Stability measures for full dataset. Left panel shows plots for each of the stability measures used to identify the most robust factor solution for the OPNMF analysis. The right panel shows plots for the parallel analyses used to identify the most robust component/factor solutions in the PCA and EFA analyses.

Factorization structure across different factorization approaches and subsamples

In the case of the OPNMF carried out on the full dataset, the resulting two factor solution consisted of one factor strongly loading on Color-Word Interference (CWI), Verbal Fluency and Design Fluency scores and moderately loading on switching components of the Design Fluency Test and the Trail Making Test. The second factor featured strong loadings on the Sorting Test, Proverbs Test, Word Context Test and the 20 Questions Test and a weaker loading on the Tower test (Fig. 2). This pattern was mostly consistent throughout the different subsamples of the data that were split by gender and age, with some minor exceptions. In the case of males only dataset, both switching components of the Verbal Fluency Test and the Trail Making Test showed weak loadings onto the first factor, while the switching component of the Design Fluency Test showed a stronger loading. In the case of females only dataset, the Word Context Test showed weak loadings onto the second factor together with the Tower Test. When the full dataset was split by age, the Tower Test, Proverb Test and Word Context Test all showed weak loadings onto the second factor in the dataset consisting of older adults, while the 20 Questions Test loaded weakly onto the second factor together with the Tower Test in young adults. Noticeably, all subsamples showed the same tests loading onto each of the two factors.

Figure 2
figure 2

Factor structure and factor loadings resulting from the PCA, EFA and OPNMF analyses for the full data set. Figures show strongest loadings for each variable.
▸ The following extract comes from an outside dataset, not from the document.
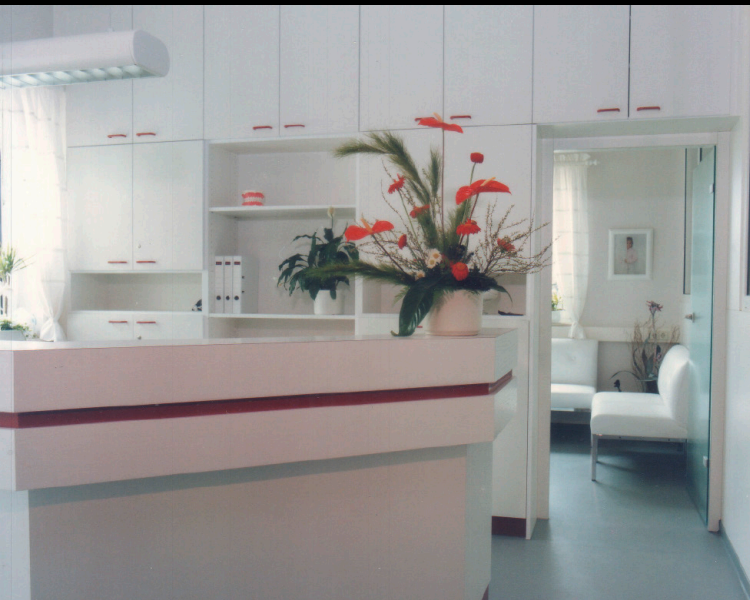
► 3 Empfang

Trotz eines allgemeinen Abwärtstrends in der Branche ab 1984 erlebten wir unser eigenes Wachstum – vor allem dank junger Zahnärzte, die die Umsatzrekorde der 70er Jahre nicht kannten und offen für Neues waren. Bereits nach zwei Jahren wuchs unser Team auf 18 Personen, und ich entschied mich, ein größeres Labor in meiner Heimatstadt Speyer zu bauen, das Platz für 25 Mitarbeiter bot.

The PCA analyses resulted in component models that showed patterns that were strikingly similar to the OPNMF models for the full dataset as well as for each of the subsets. The component model resulting from the analysis of the full data set resulted in a two-factor solution that consisted of one factor strongly loading on CWI scores and Design Fluency scores and moderately loading on Verbal Fluency Scores and the Trail Making Test. The second factor featured strong loadings from the Sorting Test, moderate loadings from the Proverbs Test and Word Context Test and a weaker loading for the Tower test and the 20 Questions Test (Fig. 2). This pattern was repeated when the PCA analyses were carried out on subsets of female sand younger adults. When the PCA analysis was run on a subset that included only males, the factor solution consisted of one factor strongly loading on CWI scores and Design Fluency scores, moderately loading on Verbal Fluency Scores and the Trail Making Test and weakly loading on the Tower Test and the 20 Question Test. The second factor featured strong loadings from the Sorting Test, moderate loadings from the Proverbs Test, Word Context Test and weaker loading on the 20 Questions Test. The factor solution for the males only dataset consisted of one factor strongly loading on CWI scores and Design Fluency scores, moderately loading on Verbal Fluency Scores and the Trail Making Test and weakly loading on the Tower Test and the Word Context Test. The second factor featured strong loadings from the Sorting Test, moderate loadings from the Proverbs Test and the 20 Questions Test.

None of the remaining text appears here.